2018-09-15
日本人は無宗教?
自分が無宗教であると考える日本人は少なくありません。「バカの壁」という著書で知られる養老孟司さんは、「心の時代」という番組の中で、無宗教の無は、「仏教の説く無」だと述べています。
「仏教の説く無」とは何でしょう。この場合の無は、何も無いということではありません。般若心経には無という文字が二十一回も使われています。このお経は空という教えを説いていますが、「仏教の説く無」とは空のことです。空は「とらわれない心、こだわらない心」のことだと故薬師寺管主の高田好胤さんは説きます。
自分が無宗教だと思っている人に考えてほしいことがあります。なぜお墓参りやお宮参りをするのですか。
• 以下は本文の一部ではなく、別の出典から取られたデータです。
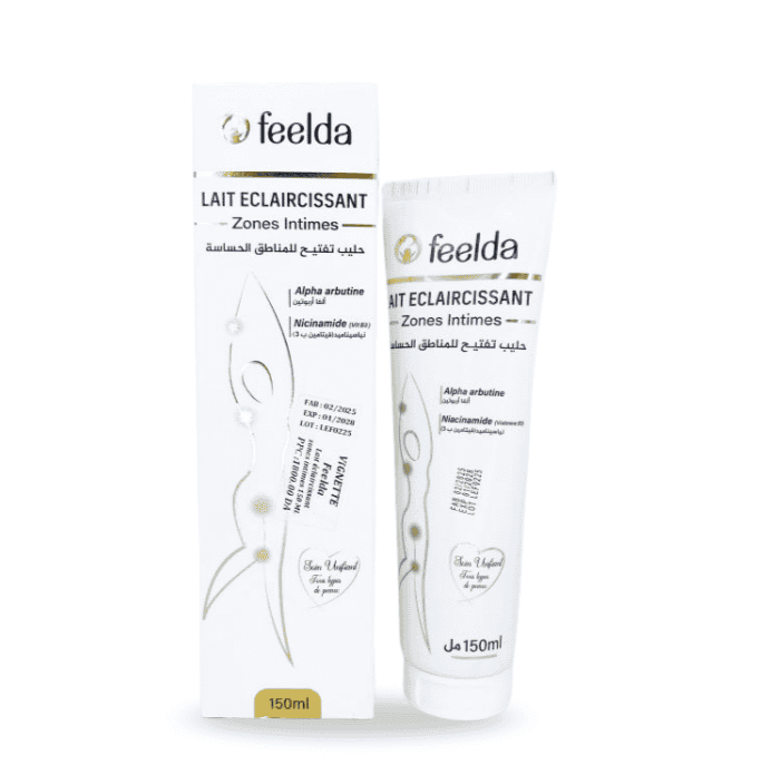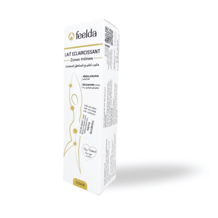 Feelda Lait Éclaircissant : Un lait éclaircissant enrichi en Alpha arbutine et niacinamide, spécialement conçu pour unifier le teint des zones sensibles comme les aisselles, les coudes, les genoux et les parties intimes. Grâce à ses actifs puissants, il aide à réduire l’hyperpigmentation tout en préservant l’hydratation naturelle de la peau.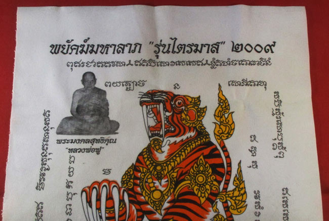 ชื่อพระเครื่อง ผ้ายันต์ พยัคฆ์มหาลาภ "รุ่นไตรมาส" ๒๐๐๙ หลวงพ่อฟู วัดบางสมัคร จ.ฉะเชิงเทรา ครับ (พระบ้าน ครับ)
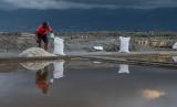 REPUBLIKA.CO.ID, PALU -- Petani memasukkan garam yang baru dipanen ke dalam karung di Palu, Sulawesi Tengah, Rabu (25/5/2022). Sejumlah petani garam di wilayah itu mengaku mengalami penurunan produksi garam selama tahun ini sekitar 20 persen dibanding sebelumnya karena faktor anomali cuaca.

なぜ神仏に手を合わせたり、拝んだりするのですかか。そういうことを一切しないのであれば、あなたは無宗教といえるでしょう。そうでないならあなたは無宗教ではありません。
こう考えてはどうでしょう。私の心は「仏教の説く無」に支えられている。つまり良いものを良いとし、悪いものは悪いととらえる調和のとれた感性に裏づけられていると。
ご先祖が育んできた心、すなわち神仏を尊び、おかげに感謝する心をあなたが大切にしており、お寺や神社、また、お墓やお仏壇にお参りするのであれば、それこそがあなたの宗教であり、それは他のどんな宗教にも劣らず洗練されていると自信を持つべきです。